[Exercise objective]
Print the line containing "The outside is" and all lines after it to the end of the records below, exactly as written. No pictures.

Information shown: Begin

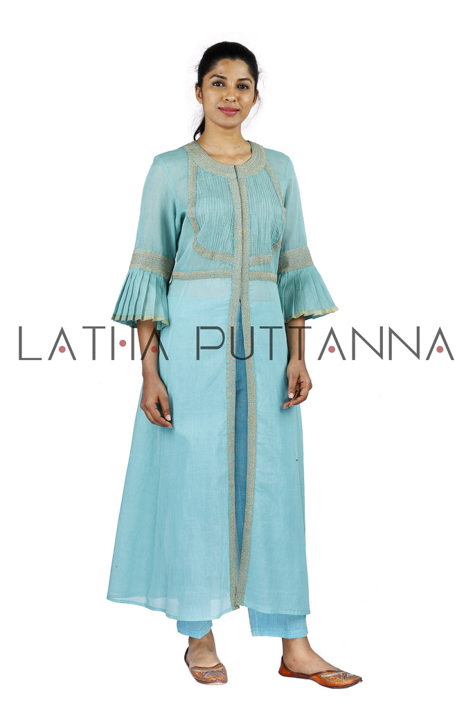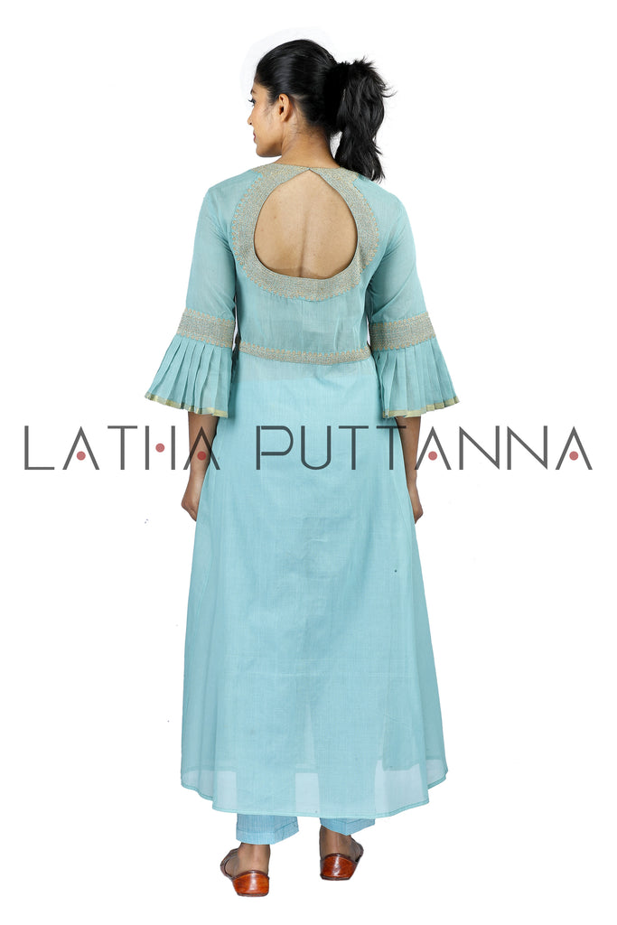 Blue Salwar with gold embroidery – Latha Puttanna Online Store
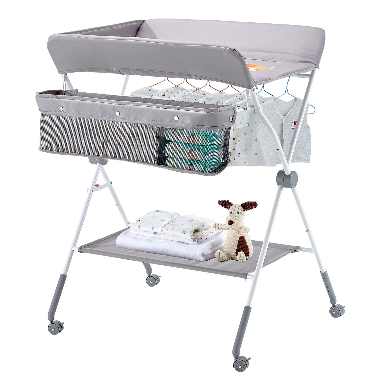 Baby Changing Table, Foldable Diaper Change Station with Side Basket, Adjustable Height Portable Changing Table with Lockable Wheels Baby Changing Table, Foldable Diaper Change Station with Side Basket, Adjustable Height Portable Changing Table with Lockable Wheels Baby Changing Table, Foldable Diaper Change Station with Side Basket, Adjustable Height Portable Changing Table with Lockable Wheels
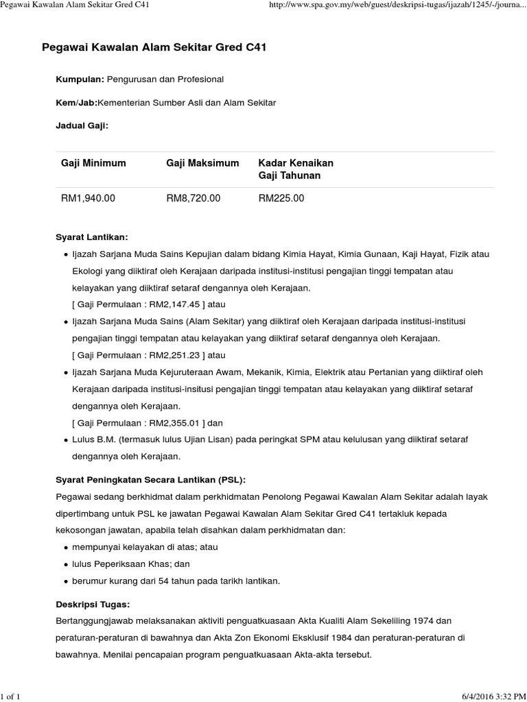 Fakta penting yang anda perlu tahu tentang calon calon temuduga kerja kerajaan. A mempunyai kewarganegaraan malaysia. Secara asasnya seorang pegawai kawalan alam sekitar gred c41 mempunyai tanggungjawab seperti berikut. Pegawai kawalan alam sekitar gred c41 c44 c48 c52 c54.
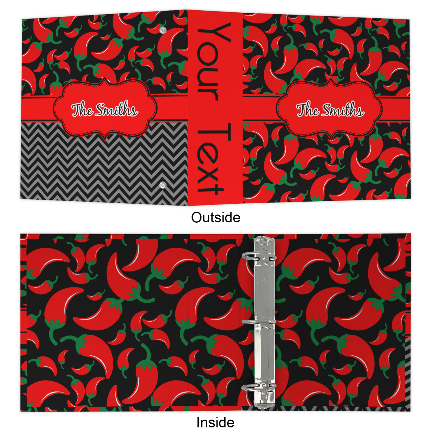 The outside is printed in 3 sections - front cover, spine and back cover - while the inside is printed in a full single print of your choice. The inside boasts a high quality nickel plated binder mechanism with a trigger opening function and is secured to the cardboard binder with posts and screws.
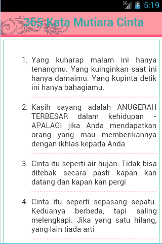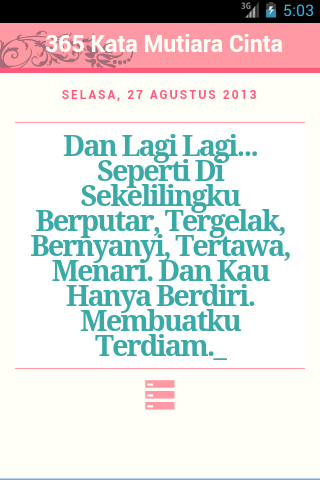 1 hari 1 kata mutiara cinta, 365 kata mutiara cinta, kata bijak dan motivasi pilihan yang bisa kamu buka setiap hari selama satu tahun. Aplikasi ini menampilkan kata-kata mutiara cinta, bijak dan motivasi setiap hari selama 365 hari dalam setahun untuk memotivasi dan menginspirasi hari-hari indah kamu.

Information shown: End

[Expected answer]
 The outside is printed in 3 sections - front cover, spine and back cover - while the inside is printed in a full single print of your choice. The inside boasts a high quality nickel plated binder mechanism with a trigger opening function and is secured to the cardboard binder with posts and screws.
 1 hari 1 kata mutiara cinta, 365 kata mutiara cinta, kata bijak dan motivasi pilihan yang bisa kamu buka setiap hari selama satu tahun. Aplikasi ini menampilkan kata-kata mutiara cinta, bijak dan motivasi setiap hari selama 365 hari dalam setahun untuk memotivasi dan menginspirasi hari-hari indah kamu.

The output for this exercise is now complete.